Determining the impact of active ingredients on sunscreen UV resistance
Bibliographic record
Abstract
In our continued efforts to eradicate skin cancer and other photodamaging effects caused by ultraviolet (UV) radiation, sunscreening agents have become our primary defense. However, despite the undeniable benefits of sunscreen, concerns have been raised due to the carcinogenic properties of several of their common active ingredients. Additionally, previous research has shown the unreliability of using sun protection factor (SPF) as a measure of sunscreen photoprotective ability. Given these considerations, this study set out to determine the impact different active ingredients would have on sunscreen UV resistance.
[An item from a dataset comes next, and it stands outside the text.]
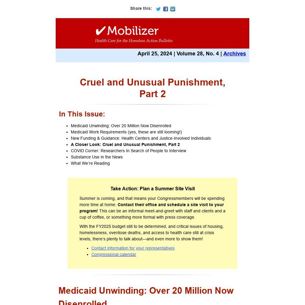 Did you receive Mobilizer as a forwarded email or hear about it via social media? Register now to receive our action alerts each month!

It was hypothesized that the active ingredients’ UV absorbance spectrum would provide a better predictor of sunscreen photoprotection. In this report, three different sunscreens were chosen – one with titanium dioxide, one with benzophenone derivatives, and one with salicylates – to provide a broad range of tested sunscreens. Due to their similarity with human DNA, Saccharomyces cerevisiae was cultured and used as a model system for these experiments. By comparing the percentage decrease of live cells protected with sunscreen relative to a control (i.e. no exposure to UV radiation), it was found that a titanium dioxide-based sunscreen was the most effective. Notably, all three sunscreens tested had an SPF 50, yet yielded different results in photoprotective ability.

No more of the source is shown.